From the entries below, return only the lines starting at the one that contains "為您的辦公室提供前所未見的高效能掃描服務。HP Scan Premium" and ending at the one that contains "Občina Kranj razdelila", exactly as they stand.

**AVAILABLE RECORDS**
* * *
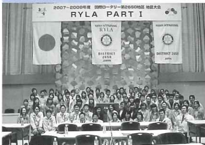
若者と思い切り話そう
* * *
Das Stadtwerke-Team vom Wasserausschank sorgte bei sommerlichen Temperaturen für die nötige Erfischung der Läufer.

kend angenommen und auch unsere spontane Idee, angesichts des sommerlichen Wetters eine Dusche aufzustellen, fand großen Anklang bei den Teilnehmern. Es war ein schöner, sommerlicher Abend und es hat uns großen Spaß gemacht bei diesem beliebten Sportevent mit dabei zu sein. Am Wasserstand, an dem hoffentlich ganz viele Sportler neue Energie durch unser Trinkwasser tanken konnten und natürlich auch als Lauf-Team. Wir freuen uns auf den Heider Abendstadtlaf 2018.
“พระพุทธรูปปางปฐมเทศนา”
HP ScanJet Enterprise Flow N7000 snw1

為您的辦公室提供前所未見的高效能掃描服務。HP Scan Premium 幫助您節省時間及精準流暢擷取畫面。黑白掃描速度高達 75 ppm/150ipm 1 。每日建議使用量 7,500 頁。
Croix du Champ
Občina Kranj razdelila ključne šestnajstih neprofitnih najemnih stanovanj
* * *
**ANSWER FOR THIS EXERCISE**
為您的辦公室提供前所未見的高效能掃描服務。HP Scan Premium 幫助您節省時間及精準流暢擷取畫面。黑白掃描速度高達 75 ppm/150ipm 1 。每日建議使用量 7,500 頁。
Croix du Champ
Občina Kranj razdelila ključne šestnajstih neprofitnih najemnih stanovanj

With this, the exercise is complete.